Hampir saja Ema tak mengenalinya. Jika saja Federico tak langsung menghampiri kereta Ema begitu tiba di stasiun, menyambutnya layaknya sang putri.
Sebenarnya Federico menawarkan untuk menjemput di kediaman Ema atau dari Bandara Falcone Borsellino di Palermo, tetapi Ema menolak tegas tawaran itu. Untuk tawaran yang pertama, dia belum siap untuk memperkenalkan Federico pada temannya yang mana pun juga di Sardegna. Alasan yang kedua, dia tak mau terlalu tergantung pada lelaki. Karena, terlalu tergantung akan membuat otaknya menjadi lumpuh dan tak waras.
Entah sudah berapa banyak teman Indonesianya yang frustasi gara-gara lelaki, mulai dari depresi dengan menenggak obat-obatan terlarang, gila kambuhan, hingga bunuh diri dan hanya tinggal nama. Bagaimanapun juga, Ema tak ingin menjadi bagian dari salah satunya. Dengan lelaki Italia yang rata-rata lebih memesona di mata orang Indonesia, depresi yang akan terjadi di kemudian hari, bisa saja berkali lipat lebih akut dan mengerikan.

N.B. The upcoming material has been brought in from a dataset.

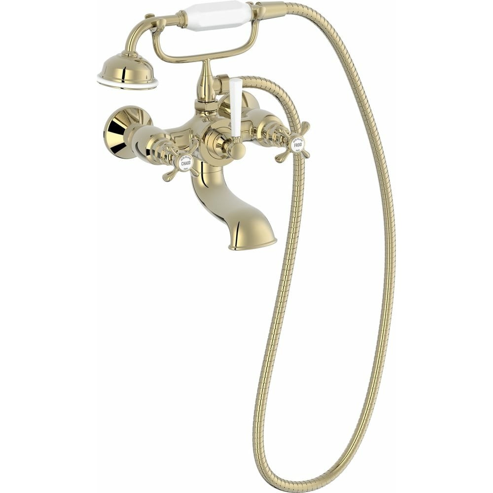 Смеситель для ванны JACOB DELAFON CLEO 1889 бежевое золото 00000086359 E24313-BGG выполнен в стиле ретро. В этой модели сочетаются благородство классических линий и достижения последних технологий. PVD-покрытие обеспечивает защиту от царапин и повреждений в течение 25 лет. Широкий носик излива обеспечивает быстрое наполнение ванны. Уникальный ламинарный аэратор позволяет создать витую струю с хорошим потоком и эффект газированной воды. Скорость расхода воды при использовании излива 25 литров в минуту, при включении лейки ручного душа 9 литров в минуту.

“Non hai bisogno d’andare a trovarmi qui, Fede. Io personalmente posso cercare il tuo appartamento—Kamu tidak perlu menjemputku ke sini, Fede. Aku secara pribadi bisa mencari apartemenmu." Ema tak sedang berbasa-basi. Dia telah melupakan budaya itu sejak dia menginjak teritori Italia pertama kali. Setelah hampir setengah tahun berdiam di Italia, Ema merasa tak memerlukan pemandu wisata lagi untuk menjemputnya di seluruh wilayah Italia.
Federico melebarkan senyum seraya mengambil alih tas jinjing merah muda dan koper abu-abu metalik Ema dari genggaman. Tampak sepenuhnya tak malu, menyelipkan tas jinjing berwarna merah muda dengan model sangat feminin itu di lengannya yang kokoh. “Aku tidak bisa membiarkan seorang gadis yang memahamiku dengan sangat baik tersesat di kota kecilku,” ujarnya seraya mengedipkan mata kepada Ema.

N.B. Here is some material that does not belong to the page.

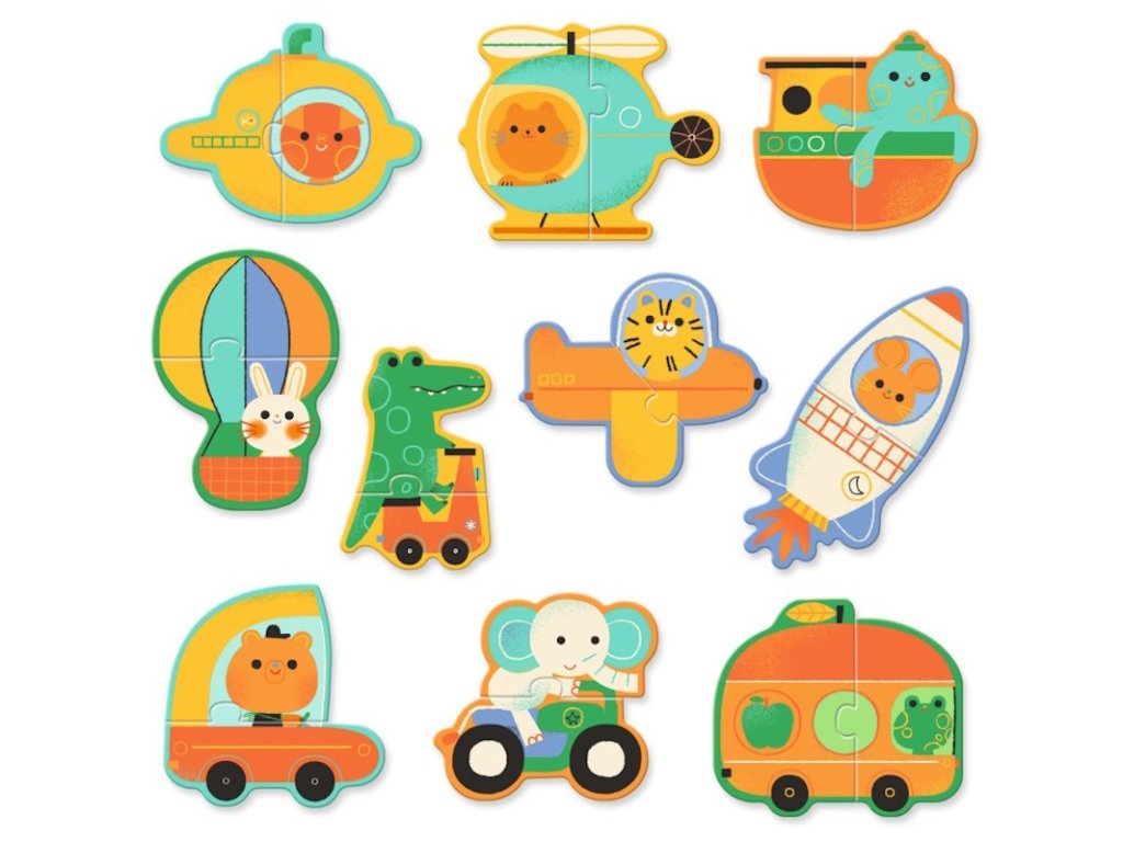 Vzdělávací puzzle na téma dopravních prostředků pro nejmenší děti od 2 let. Dítě skládá 2 dílky vozidla, které řídí roztomilé zvířátko.

“Memahamimu dengan sangat baik?!” seru Ema tak mengerti.
“Ya!” serunya seraya mendekap pinggang Ema—tanpa menjelaskan lebih lanjut—dengan sebelah tangan yang masih kosong. Ada semangat berapi-api yang menyala di kedua bola matanya saat mengiyakan ucapan Ema.
Ema terperanjat. Rupanya Federico termasuk orang yang suka memegang pada perjumpaan kedua. Namun, Ema membiarkan saja tangan itu berada pada pinggangnya demi mengusir sedikit rasa dingin.
“Hmmm… ceritakan padaku tentang pacarmu,” ucap Federico sesaat setelah mereka melompat ke bus nomor dua.
Federico begitu berbaik hati membelikannya tiket bus tanpa diminta oleh Ema. Ema sangat bersyukur akan itu, mengingat kota itu kini telah berselimutkan kabut dan kegelapan malam.
Ema ingin tiba secepat mungkin di apartemen Federico. Bermandikan air hangat dan melingkar di balik selimut tebal. Dia bahkan tak keberatan jika Federico menyuruhnya untuk tidur di depan perapian ruang tamu. Lagi pula, dia sama sekali tak tertarik untuk menyusuri sudut-sudut kota di malam itu. “Aku tak punya pacar.”
“Ah...!” seru Federico. Tampak jelas merasa lega.
Ema sedikit tak mengerti dengan rasa lega yang dilepaskan Federico sesaat lalu. Dia masih bertanya-tanya akan apa kira-kira yang melintas dan tebersit di pikiran Federico tentangnya.